JP2000356483A - Heat exchanger - Google Patents

Abstract

PROBLEM TO BE SOLVED: To make convenient the handling of a heat exchanger by coupling the inlet and outlet of plate heat exchanger units being stacked in the thickness direction of a heat transfer plate such that the channels of the same fluid are arrange in series thereby reducing the size of the heat exchanger and the components thereof. SOLUTION: Opposite end parts are formed stepwise in the thickness direction of a heat transfer plate 1a between the openings 2a, 2b and 2c, 2d thereof, the parts at point symmetric position are formed at same level as a whole and parallel grooves 3 are made obliquely in the central part. Furthermore, parallel grooves 3 are made in an intermediate second heat transfer plate 1b contiguous to the parallel grooves 3 in the first heat transfer plate 1a to intersect each other when viewed from the upper surface. When high temperature fluid and low temperature fluid are fed between the openings 2c, 2a and 2d, 2b, as shown by a solid line and an imaginary line, through each channel between a plurality of heat transfer plates 1a, 1b and 1c heat can be exchanged between the fluids flowing on the opposite sides through an intermediate heat transfer plate 1b.

Description

DETAILED DESCRIPTION OF THE INVENTION

[0001]

The present invention relates to a heat exchanger,
In particular, the present invention relates to a heat exchanger including a plate-type heat exchange unit that stacks a plurality of heat transfer plates and secures a flow path in a gap therebetween.

[0002]

2. Description of the Related Art Conventionally, in order to conduct heat transfer between different fluids, a plurality of heat transfer plates are stacked, and a high-temperature fluid and a low-temperature fluid are caused to flow through a gap therebetween to perform heat exchange. There is an exchanger. Not only such a plate heat exchanger, it is desirable that the heat exchanger efficiently exchange heat,
For example, as shown in JP-A-10-259997, a corrugated heat transfer plate provided with a plurality of parallel grooves having a corrugated cross section as a flow path is formed, and a plurality of the corrugated heat transfer plates are formed.
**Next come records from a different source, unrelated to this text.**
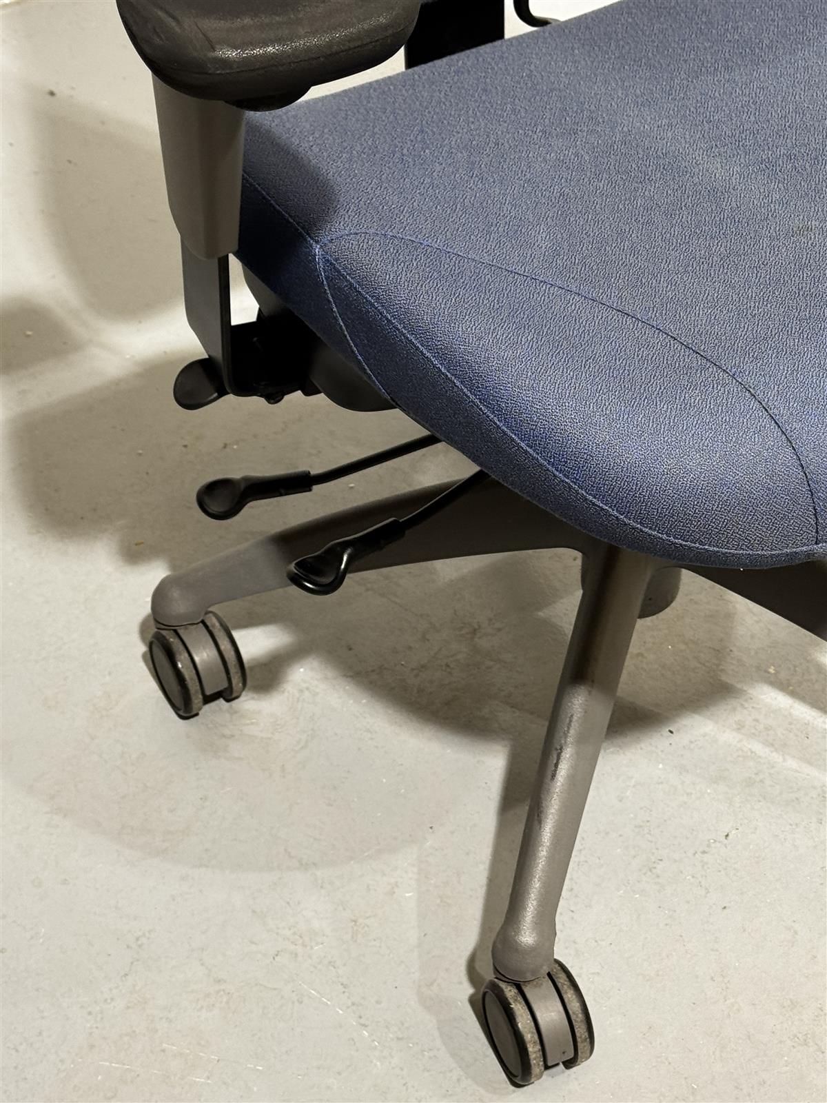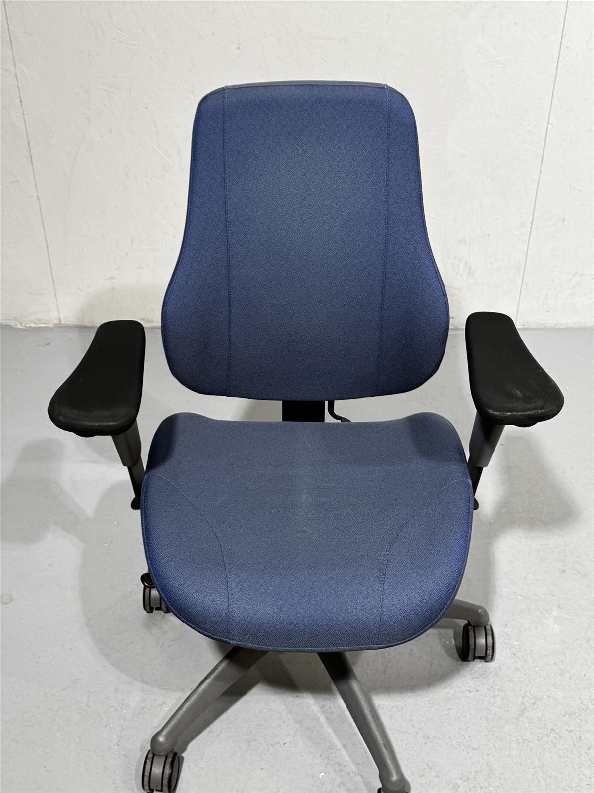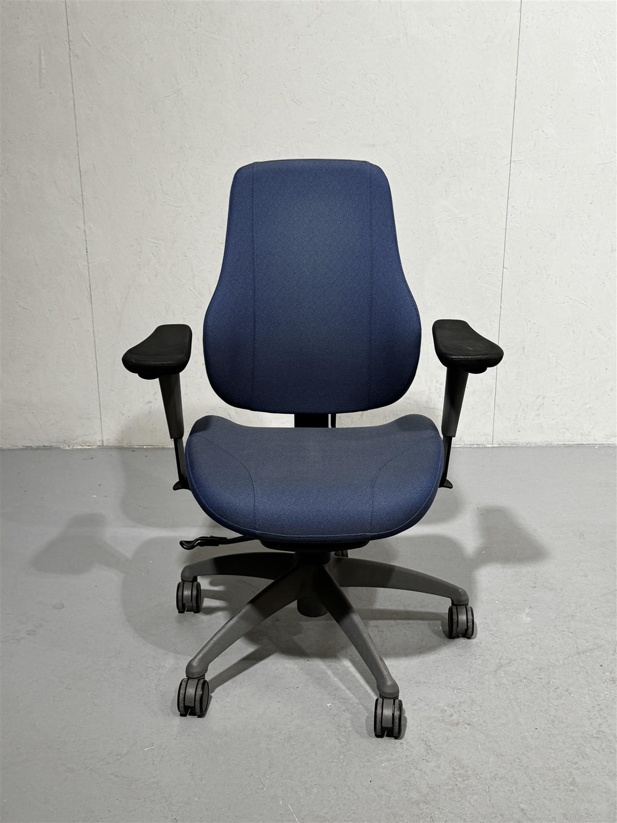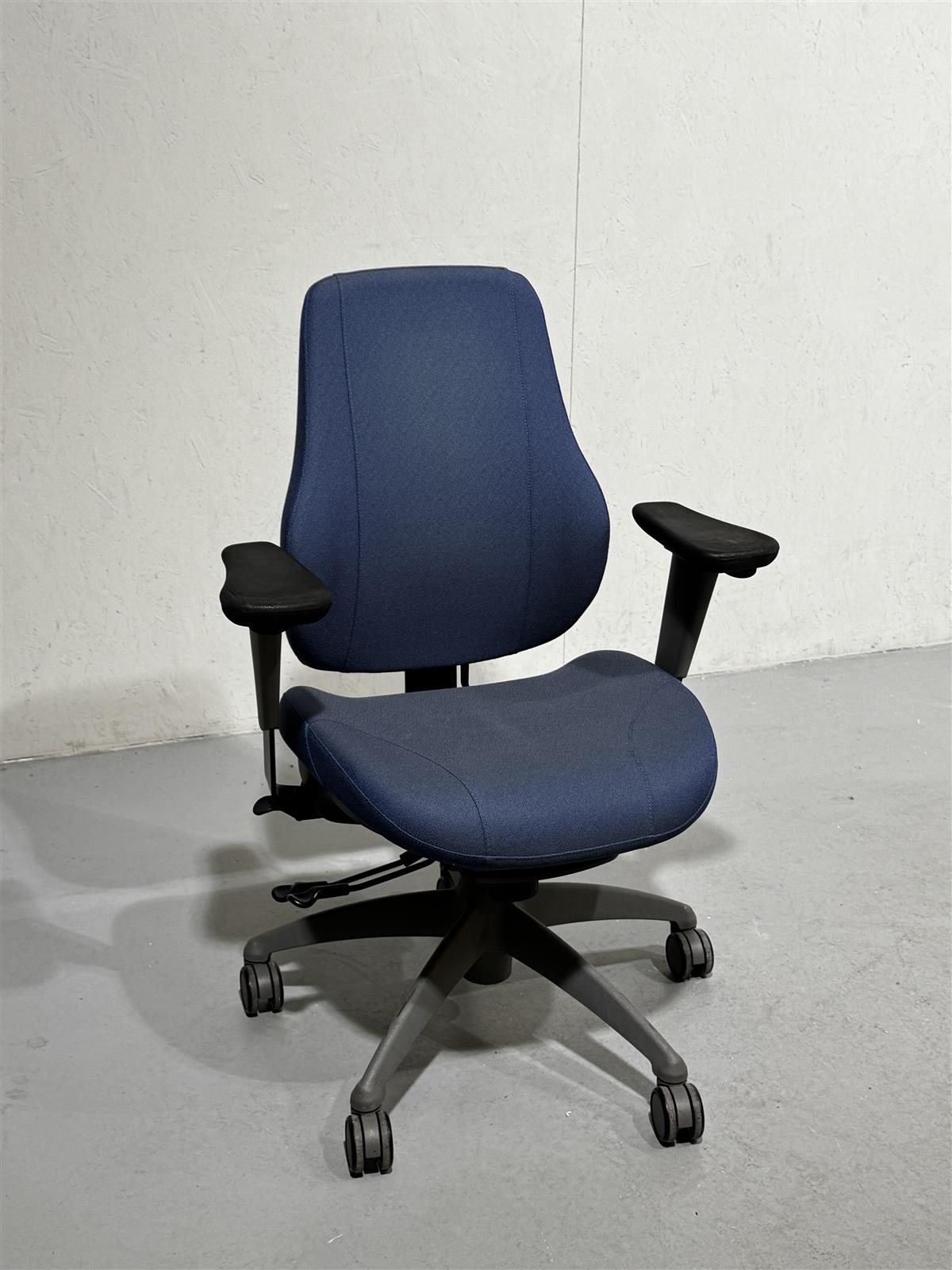 Sininen Isku Step toimistotuoli, jossa on säädettävät käsinojat ja pyörät. Tuolissa on myös korkeussäätö ja kallistustoiminto.
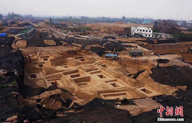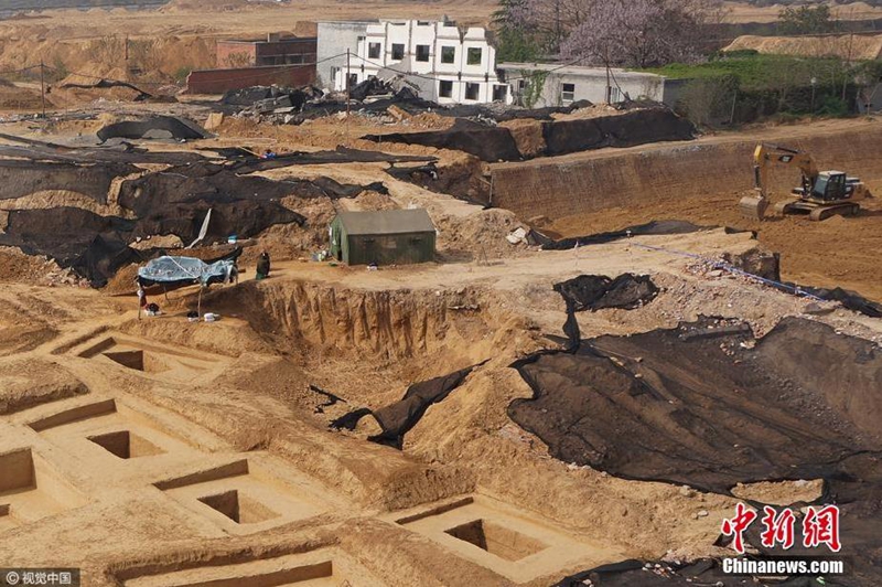 • 2017年4月14日,鄭州市一處叫常莊的拆遷城中村上,施工人員在村民民房下發現一片春秋戰國時期的古墓群,目前正在進行發掘中。 圖片來源:視覺中國
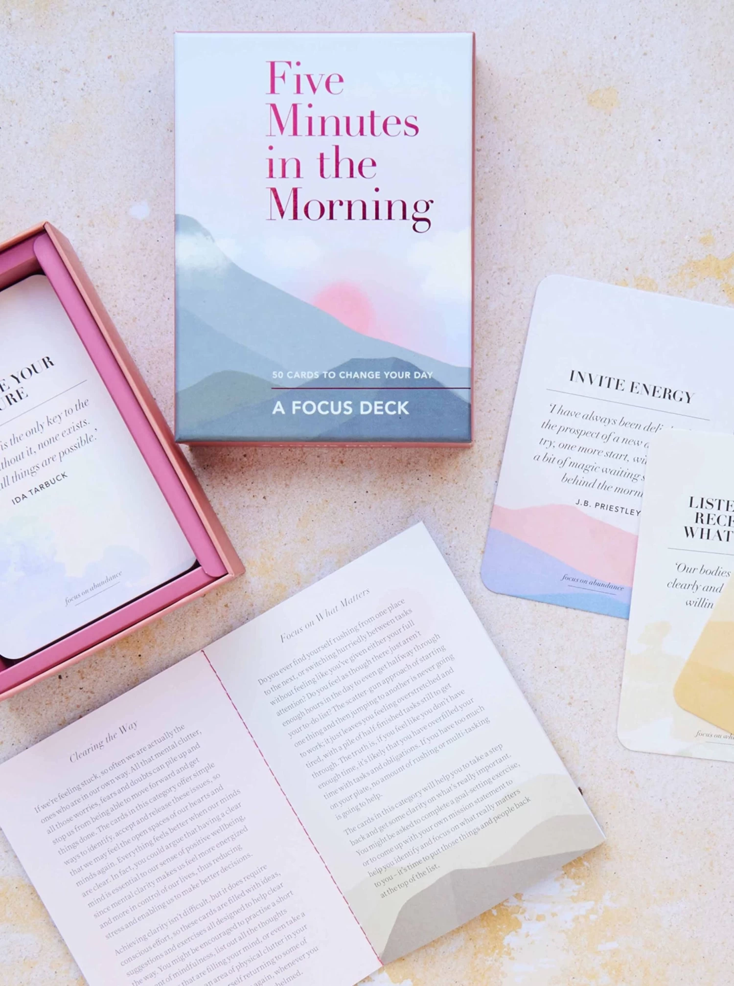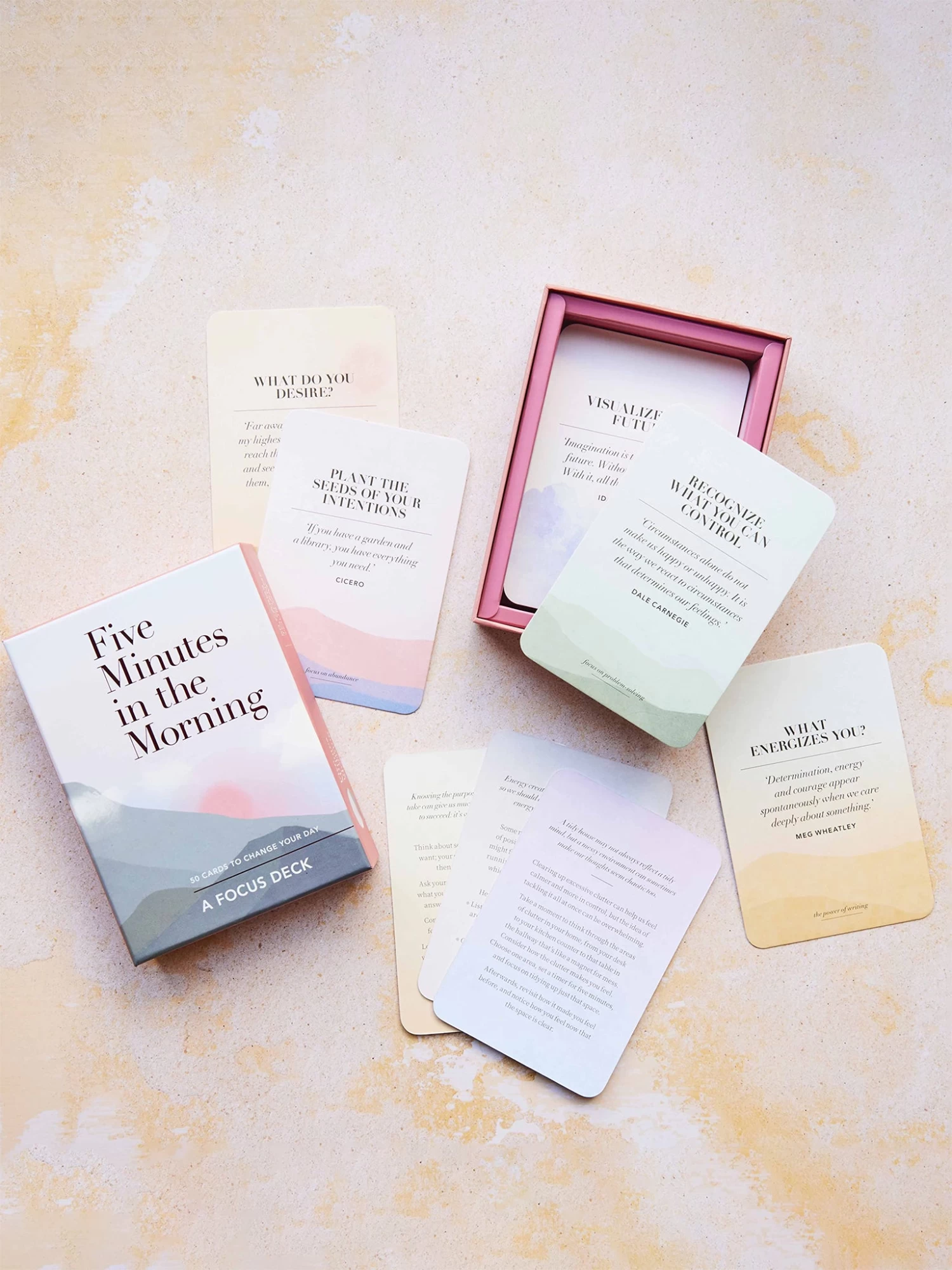 Whether you pull a card from the deck at random, shuffle through the deck to find the card that fits your morning best, or select a card for yourself the night before, the Five Minutes in the Morning Focus Deck helps you set an intention for your day with prompts and short creative exercises to help you get the most out of your mornings and live more mindfully.
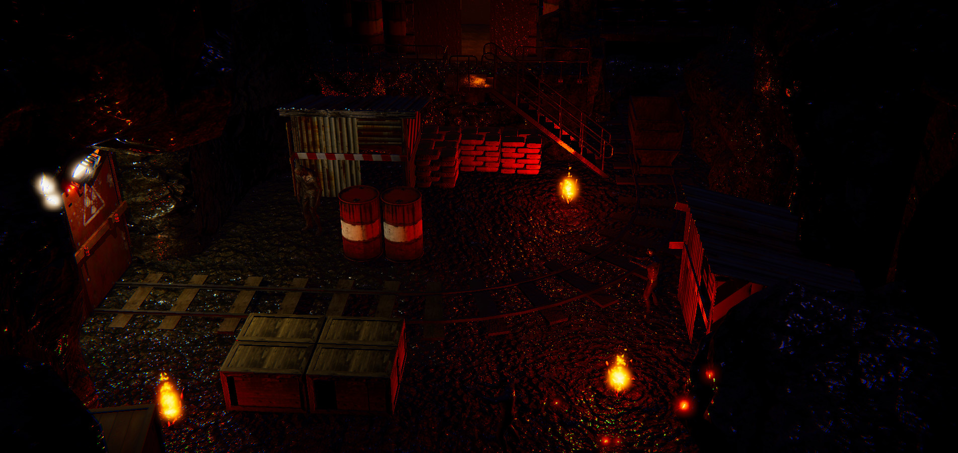 ・ Flares are your only distractions. Crates and barrels your only hiding spots.
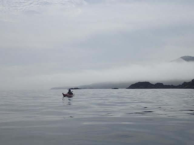 Проснувшись, Майк, Пит и Джордж, свернули лагерь и направились к ближайшему от мысу пляжу, который приметили накануне. Прогноз в 10:30 утра подтвердился ожидаемым ослаблением ветра, и они пошли обходить мыс Кука. На мысу ветер совсем стих, точно по прогнозу. Туман накатывал волнами и мешал им вплоть до того, как они подошли к реке Амос. При обходе мыса Клерка пришлось брать значительно мористее, но все же мыс был пройден. Почувствовав облегчение, они проследовали вдоль южного побережья к месту следующей ночевки.
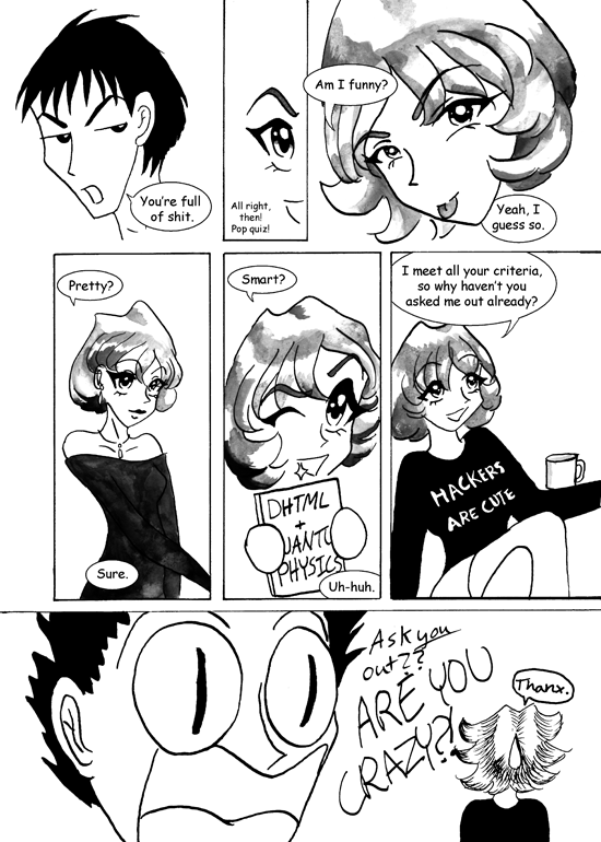 Looking back on these comics, I wonder what would have happened if Rachel had just asked the cute guys out instead of waiting passively? I think she’d have given Sparrow a run for her money

There is a configuration in which peaks and valleys of waveforms in adjacent ones intersect each other when stacked. In this way, the corrugated peaks and valleys are stacked so as to intersect using the corrugated heat transfer plate, so that the flow of the fluid is turbulent to promote heat exchange and the differential pressure between the fluids This is to increase the rigidity of the heat transfer plate so as to withstand the heat.

[0003]

However, even in the plate heat exchanger having the above structure, a certain flow path length is required for performing the desired heat exchange. Not only will the size increase in the direction in which the road extends,
The size of the heat transfer plate has increased, and its handling in processing, management, transportation, and assembly of the exchanger has tended to be troublesome.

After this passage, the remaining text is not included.